In its statement, Opec said the Covid-19 outbreak "has had a major adverse impact on global economic and oil demand forecasts in 2020, particularly for the first and second quarters. Global oil demand growth in 2020 is now forecast to be 0.48mn b/d, down from 1.1mn b/d in December 2019. Moreover, the unprecedented situation, and the ever-shifting market dynamics, means risks are skewed to the downside."

Opec members said that a stable and balanced oil market was in the interests of producers, consumers and the global economy. The next ordinary meeting will take place June 9. Incidentally, September marks the 60th anniversary of the founding of Opec in Baghdad in 1960.

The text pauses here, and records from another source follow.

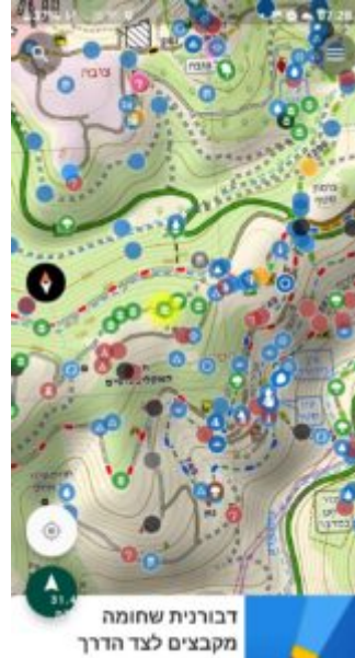
מימין: מפת עמוד-ענן המורה את הדרך לאתר דבורנית שחומה בהר-איתן (מסומן בכתם צהוב זוהר). משמאל: דבורנית שחומה פורחת בהר-איתן בהרי ירושלים

איך מגיעים - לבאים מכביש אחד מכיוון תל-אביב (או בכביש 6 המתחלף לכביש אחד) נוסעים מזרחה לכיוון ירושלים, עד צומת מבשרת ציון ופונים ימינה (דרומה) בכביש מספר XX לכיוון הסטף והר איתן. בצומת איתן פונים לפי השילוט להר איתן ומחנים בחניית האספלט הגדולה (כ-500 מטר מהצומת). מהחניה יש ללכת מערבה לתחילת שביל סובב הר-איתן. זאת דרך עפר רחבה באורך של כ-8 ק"מ הסובבת את הר איתן בצורה אליפטית. בערך כ-600 מטר מתחילת דרך סובב הר-איתן, גדלות אוכלוסיות של דבורנית שחומה בשוליים. פרטים בודדים פורחים עתה בשיאם בכל אזורי הבתה הקרטוניים (גיר רך-לבן) בהר איתן ובהרי ירושלים. הנחיה למיקום האתר (לחץ כאן) בוויז:
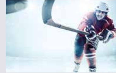
METZ 64xx THE DIRECT ONE
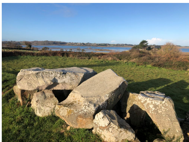
Kerbors Allée couverte de Men-ar-Rompét

En écho à la reconnaissance de la valeur universelle exceptionnelle des Mégalithes de Carnac et des Rives du Morbihan, Lannion-Trégor Communauté a souhaité embarquer le public dans le sillage des femmes et des hommes du Néolithique en Trégor (5000-2500 avant notre ère). Présentée à partir du 13 juin à Kerbors, puis à Lanmodez du 1 er septembre au 31 octobre, l'exposition « Mégalithes du Trégor. Quand les pierres racontent la Préhistoire » constitue
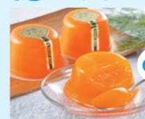
夕張メロン ゼリー ネオ (90g×6)
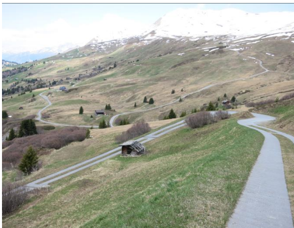
Zalüenja, Blick nach Westen
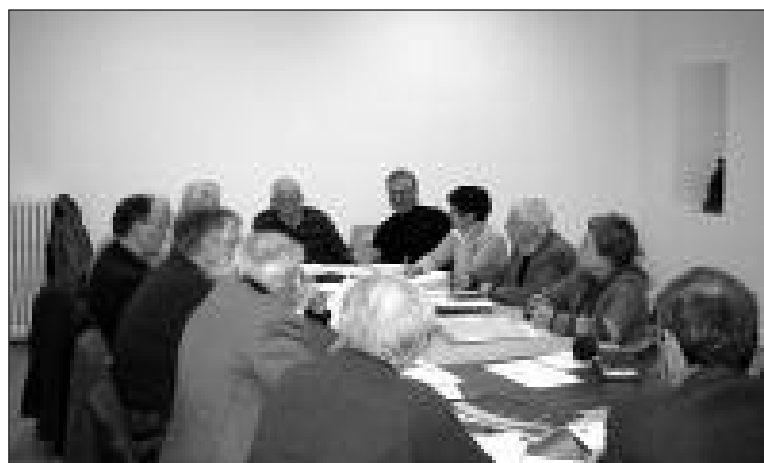
Les membres du conseil d'administration au travail dans les nouveaux locaux

C'en est fini du nomadisme pour la Société d'art et d'histoire de Sarlat et du Périgord Noir qui, samedi 13 février, a pris officiellement possession de ses nouveaux locaux dans la maison de La Boétie à Sarlat à l'occasion de son premier conseil d'administration de l'année 2010.

Consultancy Wood MacKenzie said that members' compliance with the cuts "probably won't be full, but even moderate adherence should be enough to stabilise the market through the second quarter.” However, "if the demand loss we are experiencing continues into the second quarter, the group may need to revisit the cuts and reassess them."

WoodMac expects world oil demand to fall 2.7mn b/d in the first quarter: "This is a massive drop, and it shows the scale of the problem Opec+ faces," it said. “China’s demand alone is expected to fall by 2.3mn b/d in the first quarter."

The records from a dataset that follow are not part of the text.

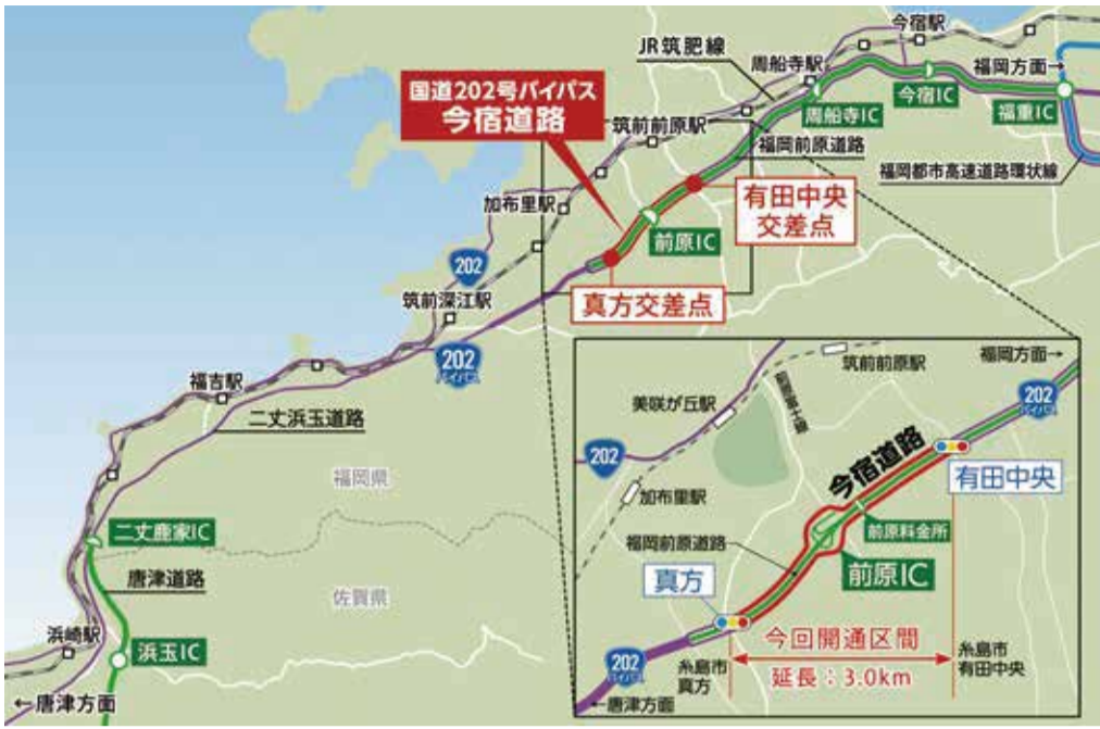
今宿道路 (国道202号バイパス) 有田中央交差点～ 真方交差点開通式 (1月27日)

昭和45年に着手された同事業の推進は太田誠一元衆議院議員から古賀議員に引き継がれ、平成最後の年に一区切りが付きましたが、今後は二丈鹿家に至る以西の西九州自動車道整備が課題となります。
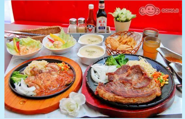
달러스 아메리카 스테이크
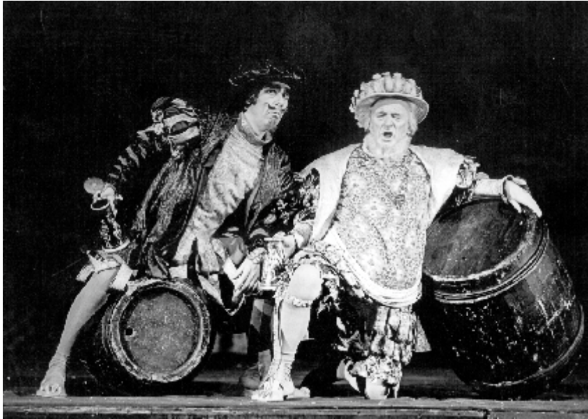
Wesołe kumoszki z Windsoru (Pan Fluth), 1973

It added: “Whether Russia will agree to the cuts is the million-dollar question. Russia hasn’t signed on yet and as the leader of the non-Opec group, their agreement is key. Given their history of co-operation with Opec, we expect they will agree. Russia could, at the very least, hold production flat during the second quarter.”

Norwegian consultancy Rystad said that it doubted if the cuts would be enough to balance the supply-demand gap and shield oil prices. "Even though Opec+ is already tremendously over-complying on cuts agreed upon in December 2019, it’s not enough to counter the demand destruction of Covid-19,” it said.

At least 2mn b/d of supply need to be removed from second quarter balances if Libya’s shut-in 1.1mn b/d production comes back online. The supply overhang from the first quarter will also have to be worked down before a recovery in price can manifest, it said.

According to its analysis, February’s crude demand dropped by a "shocking" 4.6mn b/d, led by a 2.9mn b/d month-on-month drop in Chinese crude runs.